Quelques mois après, Christian se joignait à l’équipe des collaborateurs et, en janvier 1974, paraissait le premier numéro de la revue, avec une équipe de rédaction formée de Gilles Dorion, André Gaulin et Christian Vandendorpe. Au numéro 14 (mars 1974), commençait le mandat de Christian Vandendorpe comme directeur de la revue, qu’il dirigera jusqu’en 1985.

J’ai pris la relève. Comme il arrive en des occasions semblables, j’ai tenté de donner une orientation différente à la revue, compte tenu de mes intérêts de professeur de littérature et me souvenant de l’opinion de Christian, citée plus haut. L’équipe pédagogique m’opposa une solide résistance qui me convainquit de la nécessité d’harmoniser les préoccupations des « pédagogues » et des « littéraires ». Si l’idée fit lentement son chemin, la suite n’en donna pas moins raison à tous.

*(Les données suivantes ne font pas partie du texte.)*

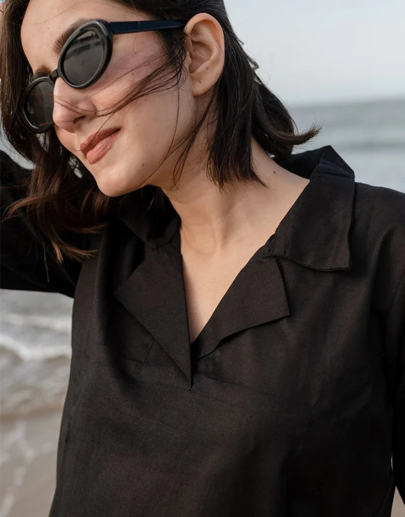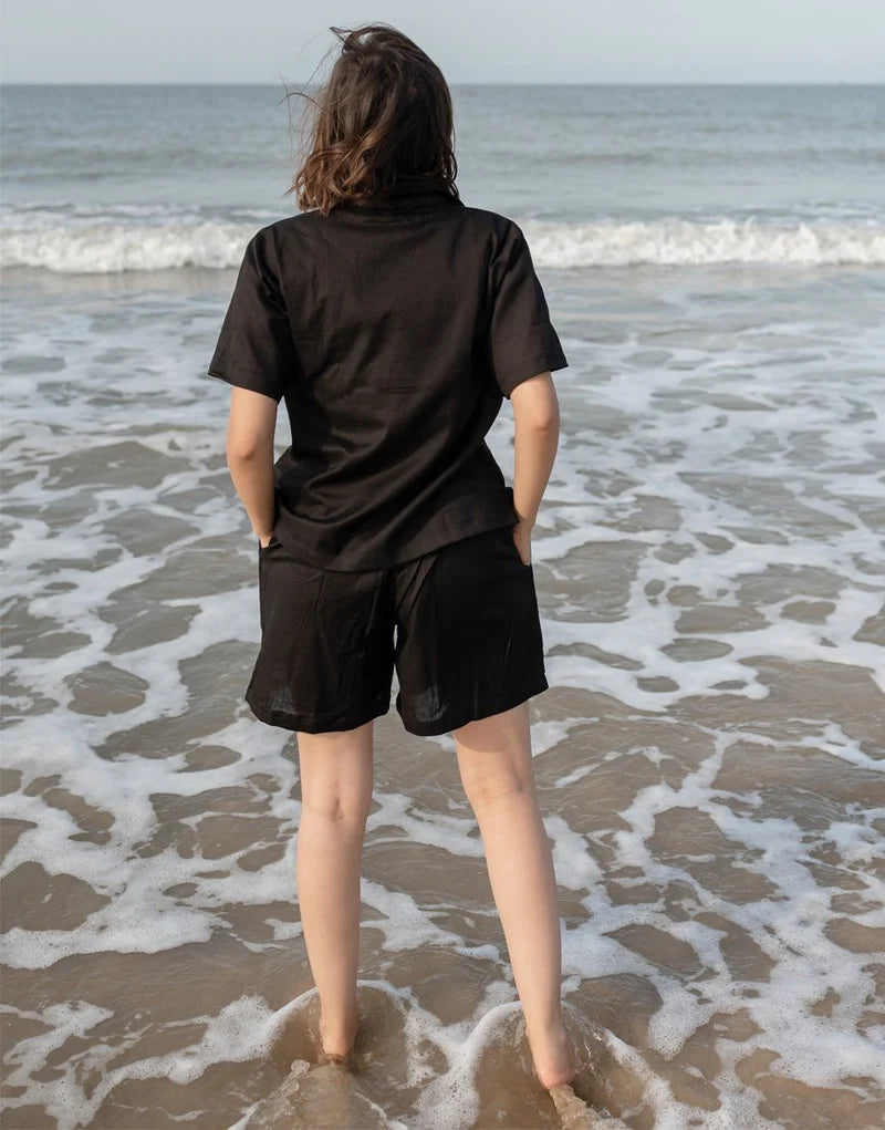 Slay summer vibes with our Kohl Black Shorts and Top combo! Crafted from cotton hand-loomed fabric, this ensemble brings comfort and style together in a delightful black hue. The top boasts a trendy polo neck and half sleeves, while the shorts feature a clinched waist and two side pockets for ultimate convenience. With a straight silhouette and a fun-loving attitude, this combo is your go-to for turning heads and having a blast under the sun. It’s time to unleash your inner fashionista and make a statement in Kohl Black!

Malgré des intérêts parfois divergents, les équipes ont finalement réussi à présenter aux lecteurs et lectrices un contenu approprié et substantiel qui a rejoint les préoccupations du plus grand nombre.

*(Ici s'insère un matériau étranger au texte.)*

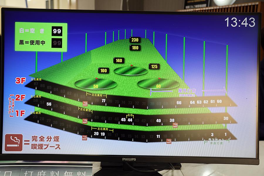 打席はフロントのモニターから選ぶシステムです。

Pressés par nos subventionnaires de nous livrer à une analyse de notre lectorat afin de connaître les horizons d’attente variés de tous et chacun, nous avons mené une consultation en octobre 1988. Littérature et pédagogie obtinrent les faveurs d’un très grand pourcentage des lecteurs, car la rubrique « Nouveautés » et les « Cahiers pratiques » se classèrent en tête de liste.

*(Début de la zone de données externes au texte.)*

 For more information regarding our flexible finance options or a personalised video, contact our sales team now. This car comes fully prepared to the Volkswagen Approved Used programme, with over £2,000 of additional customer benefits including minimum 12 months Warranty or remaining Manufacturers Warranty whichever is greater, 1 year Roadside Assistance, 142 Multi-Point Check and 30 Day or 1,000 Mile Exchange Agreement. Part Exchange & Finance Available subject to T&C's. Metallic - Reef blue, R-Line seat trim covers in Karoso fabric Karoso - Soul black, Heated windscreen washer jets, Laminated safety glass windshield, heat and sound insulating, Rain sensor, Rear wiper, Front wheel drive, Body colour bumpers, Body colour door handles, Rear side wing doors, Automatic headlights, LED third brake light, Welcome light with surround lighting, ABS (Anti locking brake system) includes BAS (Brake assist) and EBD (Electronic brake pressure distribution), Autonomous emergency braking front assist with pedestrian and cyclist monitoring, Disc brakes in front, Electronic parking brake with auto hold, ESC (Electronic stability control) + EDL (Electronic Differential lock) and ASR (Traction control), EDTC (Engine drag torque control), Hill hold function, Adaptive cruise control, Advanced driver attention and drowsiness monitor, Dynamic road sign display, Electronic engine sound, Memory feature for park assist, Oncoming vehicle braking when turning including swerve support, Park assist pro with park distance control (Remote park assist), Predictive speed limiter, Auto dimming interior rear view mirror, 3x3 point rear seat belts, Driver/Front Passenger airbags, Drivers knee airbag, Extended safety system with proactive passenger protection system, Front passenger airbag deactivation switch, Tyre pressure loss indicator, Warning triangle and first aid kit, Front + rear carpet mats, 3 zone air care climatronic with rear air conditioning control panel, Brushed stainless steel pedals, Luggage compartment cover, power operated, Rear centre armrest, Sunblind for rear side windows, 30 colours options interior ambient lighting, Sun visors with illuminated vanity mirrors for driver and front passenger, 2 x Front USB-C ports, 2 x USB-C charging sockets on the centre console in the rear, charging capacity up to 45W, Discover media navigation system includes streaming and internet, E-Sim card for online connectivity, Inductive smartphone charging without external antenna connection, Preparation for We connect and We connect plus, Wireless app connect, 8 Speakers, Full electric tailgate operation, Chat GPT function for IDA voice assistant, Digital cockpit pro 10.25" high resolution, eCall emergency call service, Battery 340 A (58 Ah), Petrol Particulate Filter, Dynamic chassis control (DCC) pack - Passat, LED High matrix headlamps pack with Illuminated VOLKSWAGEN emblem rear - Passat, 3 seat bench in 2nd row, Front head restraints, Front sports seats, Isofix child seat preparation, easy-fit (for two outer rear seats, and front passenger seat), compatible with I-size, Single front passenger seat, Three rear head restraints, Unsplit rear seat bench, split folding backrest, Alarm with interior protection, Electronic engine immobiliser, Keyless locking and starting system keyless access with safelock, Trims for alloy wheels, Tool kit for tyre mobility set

En terminant, comment ne pas reconnaître et souligner avec force le rôle primordial joué par André Gaulin le grand instigateur de Québec français, qui n’aurait pas vu le jour sans sa générosité, sa détermination et son engagement socio-politique ? Comment ne pas réitérer mon admiration sans bornes pour le travail gigantesque effectué par Christian Vandendorpe et pour l’implusion extraordinairement dynamique qu’il a donnée à la revue ? Comment ne pas souligner l’apport exceptionnel de mon successeur Roger Chamberland, qui a apporté un souffle nouveau à une revue devenue le point de mire des autres publications ? Merci à toutes et à tous, directeurs et directrices des équipes de rédaction, à tous les membres de ces équipes, à tous nos collaborateurs proches et lointains ! Les résultats ont dépassé toutes les espérances des fondateurs et nous pouvons tous en être fiers ! Hommages à toutes et à tous !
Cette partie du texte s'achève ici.